Segue, per capitalizzazione, Cnh Industrial (12,8 miliardi al 25 agosto 2017), controllata da Exor con il 26,9% delle azioni e il 42,6% dei diritti di voto. Chiude la serie, la Juventus, che capitalizza 714 milioni ed è posseduta per il 63,7% da Exor, della quale John Elkann è presidente e amministratore delegato, mentre vice presidenti sono Sergio Marchionne e Alessandro Nasi e responsabile della finanza Enrico Vellano.

Exor, l'ex Ifint, ha in portafoglio anche il 100% di Partner Re, colosso assicurativo. Il valore netto degli asset di Exor al 31 dicembre 2016 ammontava a 14,6 miliardi.

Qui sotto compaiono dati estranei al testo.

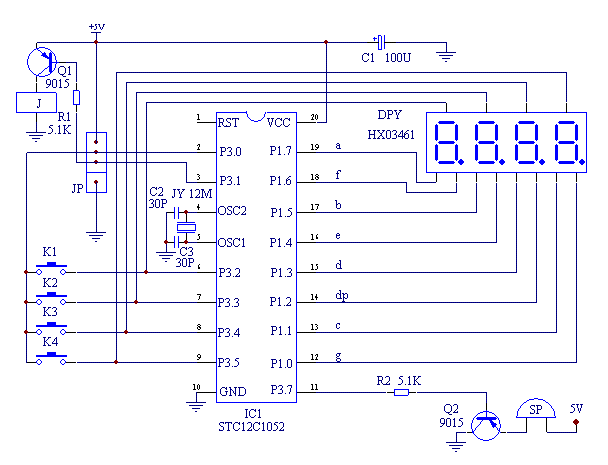 元器件及位号对照表 位号 名称 型号及规格 数量 R1、R2 电阻1/8W±5% 5.1K 2 C1 电解电容 100U 1 C2、C3 瓷片电容 30 2 K1、K2、K3、K4 轻触开关 4 Q1、Q2 三极管 9015 2 SP 蜂鸣器 1 20脚IC座 1 IC 单片机芯片 STC12C1052 1 继电器 JRC-21F 4100 1 JY 晶振 12MHz 1 DPY 数码管 HX03461 1 JP 插针 4针 1 电路板 1

Brevetti: Alessandria lepre

Alessandria è l'unica provincia del Nord Ovest a figurare tra le prime dieci italiane che hanno fatto registrare il maggior aumento di brevetti registrati all'Epo (European Patent Office) tra il 2006 e il 2015, periodo dello studio di Unioncamere appena reso noto. Alessandria è passata dai 33 brevetti registrati all'Ufficio europeo di Monaco di Baviera ai 44 del 2015, con un incremento del 35%.
A questa performance certamente hanno contribuito il gruppo Mossi Ghisolfi e il gruppo Guala.
Leader nell'innovazione applicata al settore del Pet, dell'ingegneria e dei prodotti chimici rinnovabili derivati da biomasse non alimentari, il gruppo Mossi Ghisolfi, sede a Tortona, attivo nelle Americhe e in Asia, oltre che in Europa, nel 2016 ha fatturato oltre 1,9 miliardi di dollari, realizzati con più di 1.700 dipendenti. E' controllato dalla M&G Finanziaria, di proprietà della famiglia Ghisolfi.
Quanto al Guala Closures Group, sede a Spinetta Marengo, è leader di mercato nella produzione di chiusure in alluminio e non “non refillable”, con una vasta gamma di soluzioni tecnologiche innovative per proteggere la qualità del prodotto contenuto: liquore, vino, olio, aceto, farmaci, acqua e altre bevande. Guidato da Marco Giovannini, presidente e amministratore delegato, il gruppo Guala, produce annualmente oltre 14 miliardi di chiusure di sicurezza, vendute in più di 100 Paesi. Ha 26 stabilimenti, 5 centri di ricerca e circa 4.000 dipendenti. L'anno scorso ha fatturato oltre 500 milioni di euro.
Tornando all'Epo, Unioncamere, dopo aver attribuito ad Alessandria la decima posizione tra le province che hanno maggiormente aumentato il numero dei loro brevetti registrati allo specifico Ufficio europeo nel 2015 rispetto a dieci anni prima, ha assegnato il quindicesimo posto alla seconda provincia del Nord Ovest più performante, quella di Novara, i cui brevetti sono saliti dai 31 del 2006 ai 39 di due anni fa (+26%).
Unioncamere ha redatto anche la graduatoria delle 15 province che, al contrario, sono regredite nella loro capacità brevettuale. E in questa classifica si trovano tre province del Nord Ovest: Torino, Genova e Asti.
Dai 305 brevetti registrati all'Epo nel 2006, Torino è scesa ai 217 del 2015. Peggio, a livello italiano, hanno fatto soltanto Monza-Brianza (meno 194 brevetti) e Milano (meno 126, differenza tra i 641 del 2006 e i 515 di dieci anni dopo). La provincia di Genova è passata da 42 a 32 brevetti e quella di Asti, quindicesima, da 14 a 5.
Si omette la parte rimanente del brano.